Two Ways To Attract $25-Million-Plus Clients To Your Door – Episode 35
As an advisor, one of the smartest moves you can make is understanding the wants, needs and concerns of investors with $25 million or more in net worth. This cohort is important to the future of your business for a few key reasons:
- The trickle-down effect. The attitudes among the wealthiest clients out there today tend to flow downstream over time to less affluent groups of clients. When you see what the $25-million-plus cohort is doing, it’s essentially a leading indicator of what other types of clients will eventually want and even expect from their advisors. You can use that information to proactively position your practice for the future.

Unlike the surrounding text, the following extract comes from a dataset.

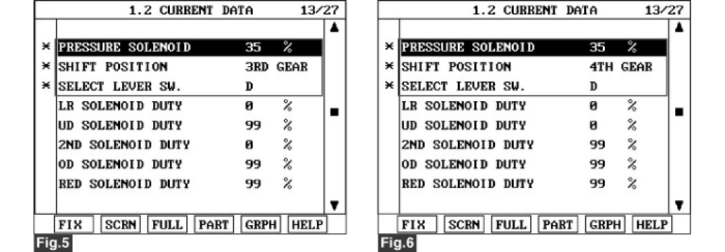 Automatic Transaxle - P0746 VFS Solenoid Valve Malfunction - Monitor Scantool Data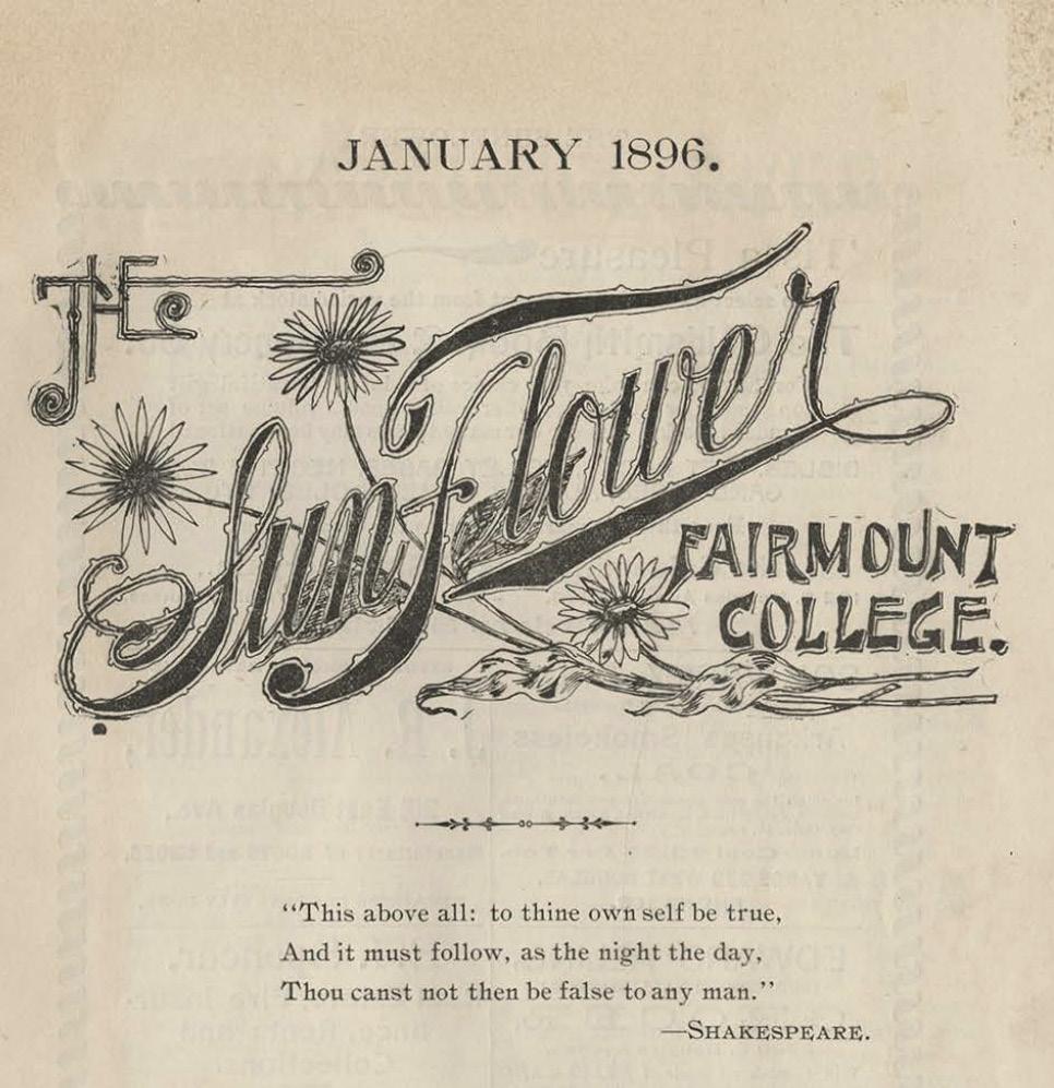 1896 THE SUNFLOWER PUBLISHES FIRST ISSUE In January, The Sunflower published its first issue. Originally it was a bi-monthly literary journal produced in Fairmount Hall.

- Higher incomes. Not surprisingly, we find that advisors with the wealthiest clients tend to generate the highest incomes. Positioning your practice to attract these investors can be a key driver of your success going forward.
- A growing trend. We’re seeing a growing number of households with more than $25 million in net worth—and often those households are headed by younger generational groups such as Gen Xers and Millennials.
KEY TAKEAWAYS
- It’s smart to understand the needs of ultra-wealthy investors.
- Connect with your existing clients’ heirs.
- Get involved in the alternatives investments space.
FACE THE FACTS
CEG Insights surveyed 350 households that had $25 million or more in net worth, not including the value of their primary residence. Some of the key findings include:
- Source of wealth. Among the $25-million-plus group, inheritances have become a key source of wealth. Example: 86.6% of investors with $25 million to $49.9 million in net worth say their wealth came from an inheritance—while just 40.7% of that group said the wealth resulted from their own hard work.
- Investment approach. These ultra-wealthy investors aren’t fundamentally different from other wealth groups in many ways when it comes to attitudes toward investing and risk management. However, they are extremely interested in alternative investments. A full 62.1% say they expect their advisors to have expertise in the area of alternative investing—and that percentage spikes to around 80% for Gen Xers and Millennials with $25 million or more in net worth (see the chart).
Exhibit 1: Importance for Advisor to Have Expertise in Alternative Investments (By age)
INSIGHTS INTO ACTION
Based on our findings, consider the following action steps:
- Connect with existing clients’ heirs. The huge transfer of wealth that’s been predicted for years is well underway. Build relationships with the heirs of your wealthiest clients. Get to know them and start presenting yourself as an expert who understands their future goals and needs. When assets are transferred to them, they’ll already see you as a trusted resource to work with.
- Provide expertise in alternative investments. Given the importance the ultra-wealthy place on alternative investments—which may include hedge funds, private equity, crypto and others—you need to be ready with expertise in these areas, or with access to expertise through your network. Just as important: If you choose to not offer access to certain types of alternative investments, you need to be able to explain your reasoning to these clients. Otherwise, they may simply assume that you’re ignoring investments they value.